[Opening Given information section]
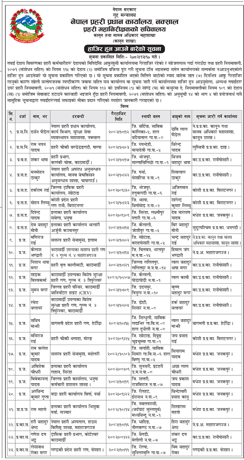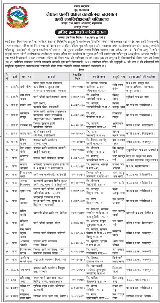 २ असईसहित २ दर्जन प्रहरीलाई ७ दिनभित्र सम्पर्कमा आउन हेडक्वार्टरको निर्देशन
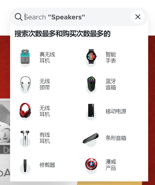 第二是搜索框,用户可以在搜索框中显示搜索次数最多和购买次数最多的品类,从而提升销售机会;
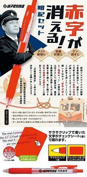 コロナ禍での乗客減少時、何とか赤字を消したいという願いを込め、赤ペンとシートをセット販売。倒産の危機を何度も乗り越え走り続けてきた銚電の強運をお裾分けする縁起物。500円。
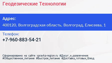 Геодезические Технологии по адресу 400120, Волгоградская область, Волгоград, Елисеева, 1 в дальнейшем Организация, размещена в следующих категориях:
[Closing Given information section]
What is needed is an exact transcription of the lines from the one holding "コロナ禍での乗客減少時、何と" to the end of the data, with every picture left out.

 コロナ禍での乗客減少時、何とか赤字を消したいという願いを込め、赤ペンとシートをセット販売。倒産の危機を何度も乗り越え走り続けてきた銚電の強運をお裾分けする縁起物。500円。
 Геодезические Технологии по адресу 400120, Волгоградская область, Волгоград, Елисеева, 1 в дальнейшем Организация, размещена в следующих категориях:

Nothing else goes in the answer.